> **The task**
Transcribe each entry exactly, without pictures.
::: Source data
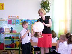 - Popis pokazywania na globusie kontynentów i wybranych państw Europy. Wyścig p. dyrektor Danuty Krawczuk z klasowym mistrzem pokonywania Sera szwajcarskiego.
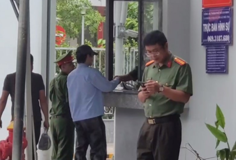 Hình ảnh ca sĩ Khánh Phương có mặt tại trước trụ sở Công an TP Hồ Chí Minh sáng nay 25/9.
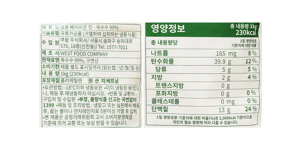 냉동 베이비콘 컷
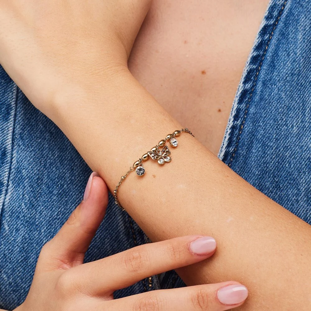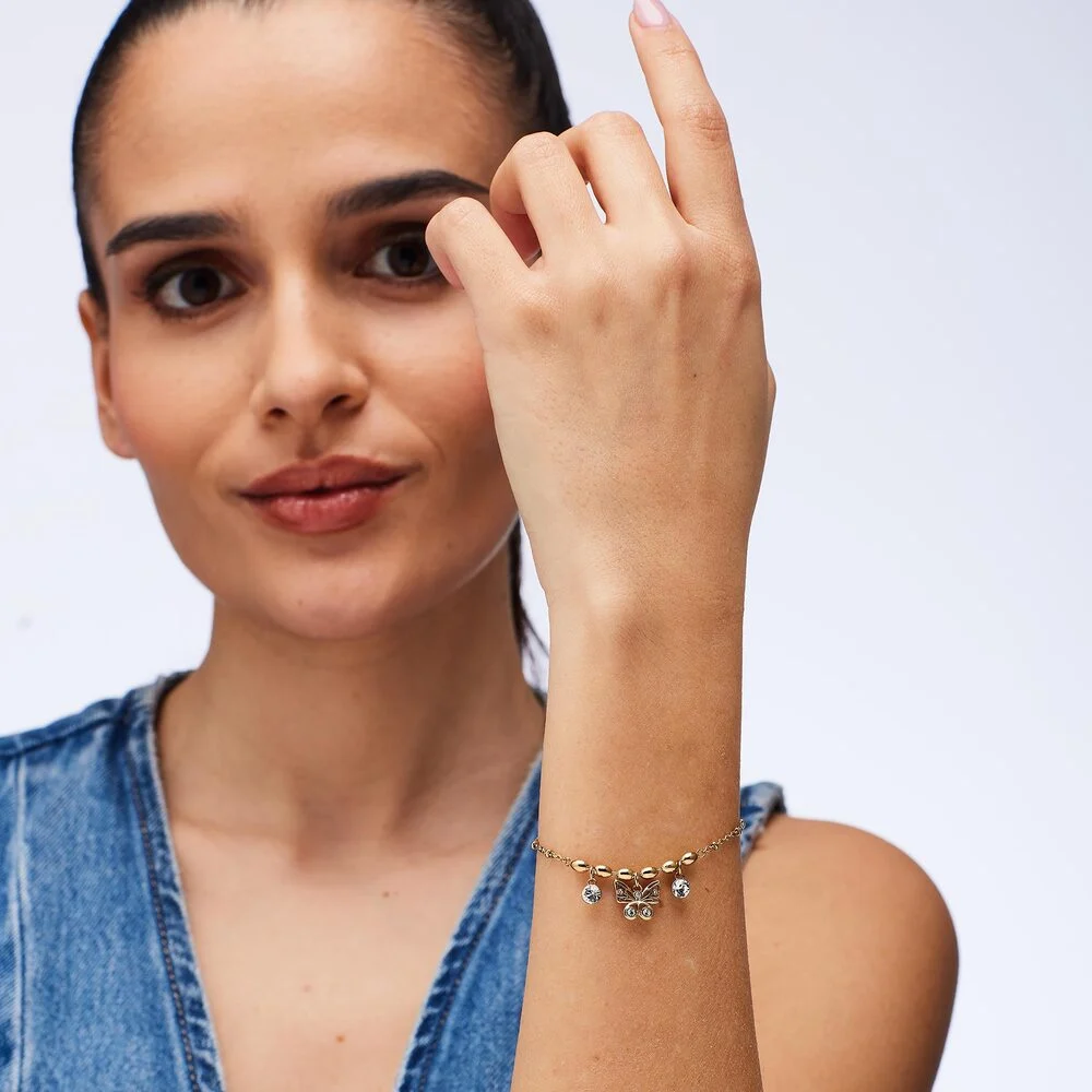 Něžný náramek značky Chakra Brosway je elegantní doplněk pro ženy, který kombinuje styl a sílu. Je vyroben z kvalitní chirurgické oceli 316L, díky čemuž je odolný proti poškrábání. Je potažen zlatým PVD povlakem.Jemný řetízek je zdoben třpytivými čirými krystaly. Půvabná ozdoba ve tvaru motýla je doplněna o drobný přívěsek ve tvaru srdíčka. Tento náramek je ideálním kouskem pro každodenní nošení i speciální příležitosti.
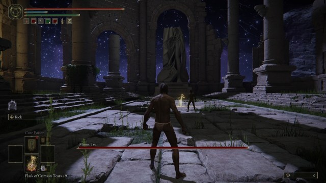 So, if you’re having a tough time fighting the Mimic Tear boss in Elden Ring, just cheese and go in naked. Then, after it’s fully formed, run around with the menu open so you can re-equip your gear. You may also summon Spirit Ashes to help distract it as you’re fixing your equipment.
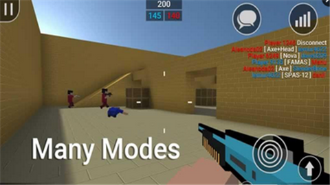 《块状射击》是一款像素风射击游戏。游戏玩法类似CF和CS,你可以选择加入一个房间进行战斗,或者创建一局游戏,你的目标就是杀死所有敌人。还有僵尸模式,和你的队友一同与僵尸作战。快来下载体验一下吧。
::::::
> **Written answer**
 - Popis pokazywania na globusie kontynentów i wybranych państw Europy. Wyścig p. dyrektor Danuty Krawczuk z klasowym mistrzem pokonywania Sera szwajcarskiego.
 Hình ảnh ca sĩ Khánh Phương có mặt tại trước trụ sở Công an TP Hồ Chí Minh sáng nay 25/9.
 냉동 베이비콘 컷
 Něžný náramek značky Chakra Brosway je elegantní doplněk pro ženy, který kombinuje styl a sílu. Je vyroben z kvalitní chirurgické oceli 316L, díky čemuž je odolný proti poškrábání. Je potažen zlatým PVD povlakem.Jemný řetízek je zdoben třpytivými čirými krystaly. Půvabná ozdoba ve tvaru motýla je doplněna o drobný přívěsek ve tvaru srdíčka. Tento náramek je ideálním kouskem pro každodenní nošení i speciální příležitosti.
 So, if you’re having a tough time fighting the Mimic Tear boss in Elden Ring, just cheese and go in naked. Then, after it’s fully formed, run around with the menu open so you can re-equip your gear. You may also summon Spirit Ashes to help distract it as you’re fixing your equipment.
 《块状射击》是一款像素风射击游戏。游戏玩法类似CF和CS,你可以选择加入一个房间进行战斗,或者创建一局游戏,你的目标就是杀死所有敌人。还有僵尸模式,和你的队友一同与僵尸作战。快来下载体验一下吧。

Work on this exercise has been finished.